NOTES TO CONSOLIDATED FINANCIAL STATEMENTS
(Unaudited)
1. BASIS OF PRESENTATION
Kentucky National Bancorp, Inc., (the Company) became the
holding company for Kentucky National Bank (the Bank) on
May 18, 1999, by issuing and exchanging its stock on a
share for share basis for the outstanding stock of the
Bank. The transfer of stock between the entities under
common control was accounted for at historical cost in a
manner similar to a pooling of interests. Accordingly, the
1999 financial statements are presented as if the holding
company formation occurred on January 1, 1999.
The unaudited consolidated financial statements include the
accounts of Kentucky National Bancorp, Inc., and its
subsidiary Kentucky National Bank, for periods presented in
1999 and the accounts of Kentucky National Bank for periods
presented in 1998. All material intercompany balances and
transactions have been eliminated in consolidation.
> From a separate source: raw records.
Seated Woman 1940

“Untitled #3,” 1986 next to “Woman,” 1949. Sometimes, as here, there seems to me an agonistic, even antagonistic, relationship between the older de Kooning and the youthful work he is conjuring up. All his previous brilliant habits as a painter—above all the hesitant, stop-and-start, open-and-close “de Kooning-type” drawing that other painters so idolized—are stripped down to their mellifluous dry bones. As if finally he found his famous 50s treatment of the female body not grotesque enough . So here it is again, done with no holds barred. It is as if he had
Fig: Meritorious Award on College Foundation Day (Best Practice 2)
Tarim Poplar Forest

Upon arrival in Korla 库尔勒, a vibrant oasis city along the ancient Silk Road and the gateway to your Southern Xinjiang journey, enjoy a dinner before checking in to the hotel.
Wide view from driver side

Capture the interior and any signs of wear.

The accompanying unaudited consolidated financial
statements were prepared in accordance with instructions
for Form 10-QSB and therefore, do not include all
disclosures necessary for a complete presentation of the
statement of financial condition, statement of loss,
statement of stockholders' equity, and statement of cash
flows in conformity with generally accepted accounting
principles. However, all adjustments which are, in the
opinion of management, necessary for the fair presentation
of the interim financial statements have been included.
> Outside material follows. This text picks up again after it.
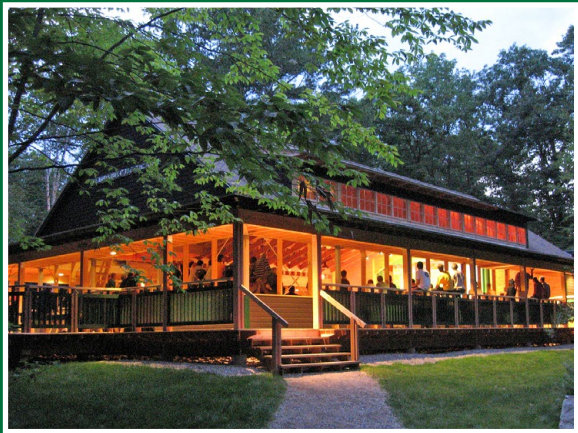
The Eisner Multi-House was completed in 2007

within just a few hours. But, also, he had a twinkle in his eye and you could see that he got real pleasure from being a part of “Keewaydin magic.” He will be missed, that is for sure.

The statement of income for periods presented is not
necessarily indicative of the results which may be expected
for the entire year.
2. FEDERAL HOME LOAN BANK ADVANCES
Advances from Federal Home Loan Bank of Cincinnati are
payable at maturity, with interest payable monthly, and are
summarized as follows at September 30, 1999 and 1998:
<TABLE>
<CAPTION>
MATURITY RATE 1999 1998
<S> <C> <C> <C> <C>
Short-term borrowings 11/22/99 Variable $1,000,000 $ -
========== =====
</TABLE>
All advances are secured by 100% of the Bank's mortgage
loan portfolio and all FHLB stock.
3. EARNINGS (LOSS) PER SHARE
Earnings (loss) per share has been determined in accordance
with Statements of Financial Accounting Standards No. 128,
"Earnings per Share."
Earnings (loss) per share for the nine month periods ended
September 30, 1999 and 1998 and for the three month periods
ended September 30, 1999 and 1998 have been computed based
on the weighted average number of shares outstanding
throughout the period of 240,000. Diluted earnings (loss)
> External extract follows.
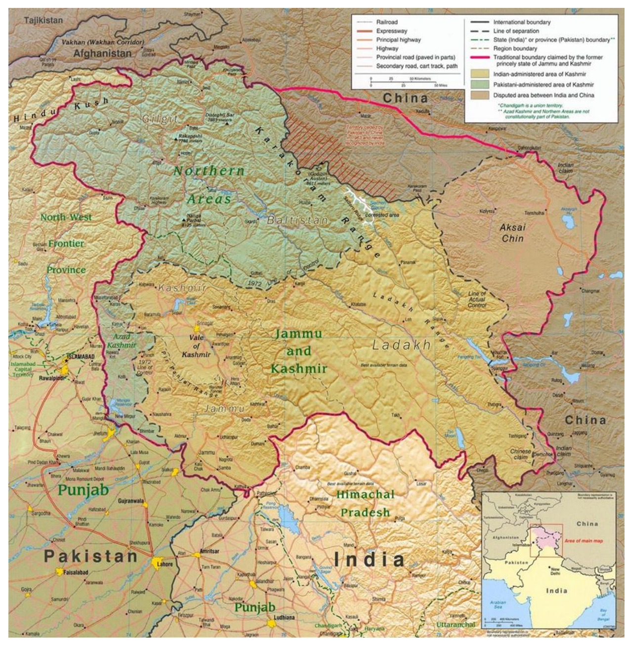
Figure 1: Kashmir disputed region

per share has not been presented as the effect of options
granted at inception to purchase 16,000 shares of common
stock is either immaterial or antidilutive.
<PAGE>
4. NEW ACCOUNTING STANDARDS
In April 1998, Accounting Standards Executive Committee
issued Statement of Position 98-5, "Reporting on the Costs
of Start-up Activities," effective for financial statements
for fiscal years beginning after December 15, 1998. In
accordance with this standard, the Bank expensed on January
1, 1999, unamortized start-up costs in the amount of
$156,769 as a cumulative effect of a change in accounting
principle.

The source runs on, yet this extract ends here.